Stored items
■ ■ ■ ■

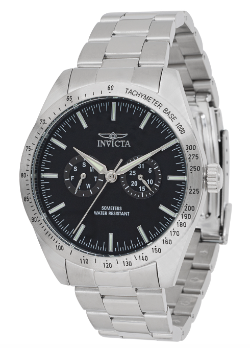 This incredible Invicta watch from the Specialty collection offers an exact Quartz movement, with an incredible steel case. The face displays a black, metal dial protected by our proprietary Flame Fusion Crystal. The design is completed by a steel, band. This timepiece can resist water for up to 50 m.
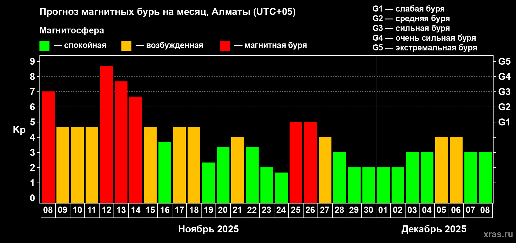 Прогноз магнитных бурь Алматы на 8 ноября 2025 года
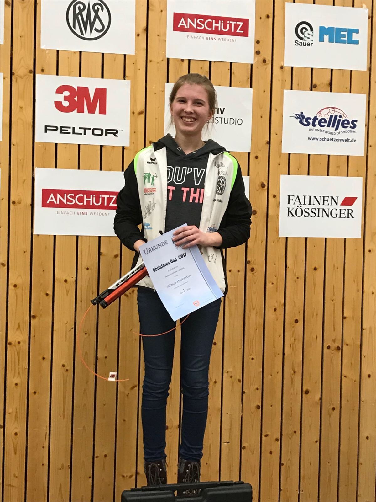 Vor Ort erlebten sie eine hervorragend organisierte Veranstaltung und jede Menge sportliche Bestleistungen. Am Ende des Tages und nach einigen spannenden Wettkämpfen sowie vielen tollen Ergebnissen, standen alle Sieger fest. Ganz vorne dabei war auch der NWDSB: Aimee Hochstein konnte sich in ihrer Wertungsklasse gegen die starke Konkurrenz durchsetzen und belegte am Ende den ersten Platz. Als Preis für die Siegerin gab es eine nagelneue Pardini Luftpistole, die Aimee überglücklich und freudestrahlend entgegennahm. Ebenfalls gut im Rennen waren Lena Löhmann und Jan Luca Karstedt, die jeweils auf dem dritten Platz landeten.
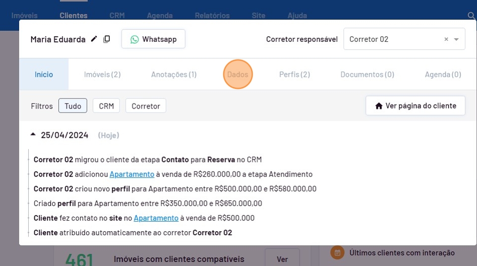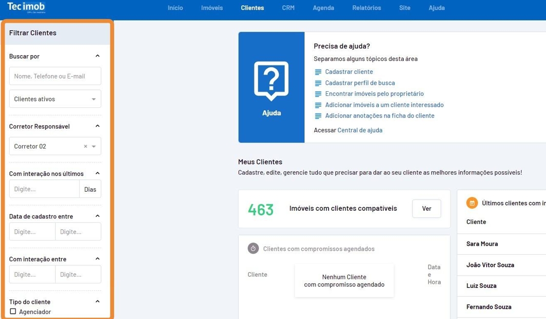 - Utilize o filtro no menu do canto esquerdo da sua tela para encontrar o cliente.
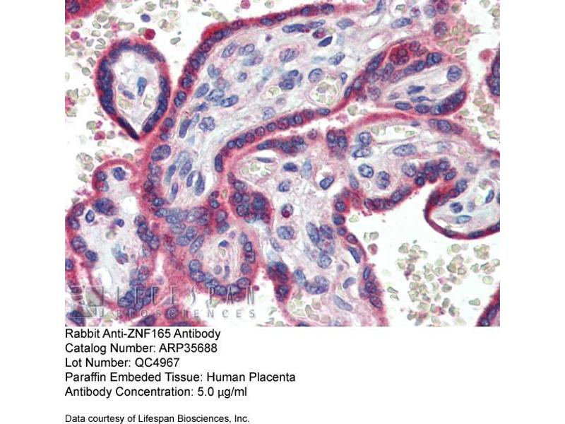 - This is a rabbit polyclonal antibody against ZNF165. It was validated on Western Blot using a cell lysate as a positive control.
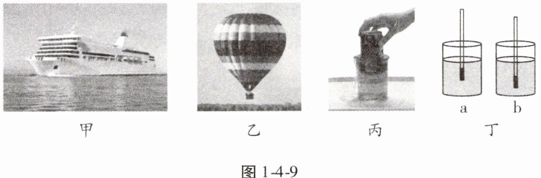 D. 图丁中,同一密度计在两种液体中所受浮力$F_{a}=F_{b}$,两种液体的密度$\rho_{a}>\rho_{b}$
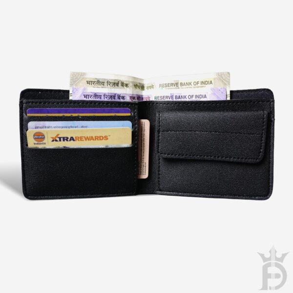 • Men’s wallet has 2 compartments for currency notes. It has slots for 3 cards and also has slot for ID card and a hidden slot.

■ ■ ■ ■

_Goal of the exercise_: Reproduce the data verbatim. Do not carry any picture into the copy.

_Solution_:
 This incredible Invicta watch from the Specialty collection offers an exact Quartz movement, with an incredible steel case. The face displays a black, metal dial protected by our proprietary Flame Fusion Crystal. The design is completed by a steel, band. This timepiece can resist water for up to 50 m.
 Прогноз магнитных бурь Алматы на 8 ноября 2025 года
 Vor Ort erlebten sie eine hervorragend organisierte Veranstaltung und jede Menge sportliche Bestleistungen. Am Ende des Tages und nach einigen spannenden Wettkämpfen sowie vielen tollen Ergebnissen, standen alle Sieger fest. Ganz vorne dabei war auch der NWDSB: Aimee Hochstein konnte sich in ihrer Wertungsklasse gegen die starke Konkurrenz durchsetzen und belegte am Ende den ersten Platz. Als Preis für die Siegerin gab es eine nagelneue Pardini Luftpistole, die Aimee überglücklich und freudestrahlend entgegennahm. Ebenfalls gut im Rennen waren Lena Löhmann und Jan Luca Karstedt, die jeweils auf dem dritten Platz landeten.
 - Utilize o filtro no menu do canto esquerdo da sua tela para encontrar o cliente.
 - This is a rabbit polyclonal antibody against ZNF165. It was validated on Western Blot using a cell lysate as a positive control.
 D. 图丁中,同一密度计在两种液体中所受浮力$F_{a}=F_{b}$,两种液体的密度$\rho_{a}>\rho_{b}$
 • Men’s wallet has 2 compartments for currency notes. It has slots for 3 cards and also has slot for ID card and a hidden slot.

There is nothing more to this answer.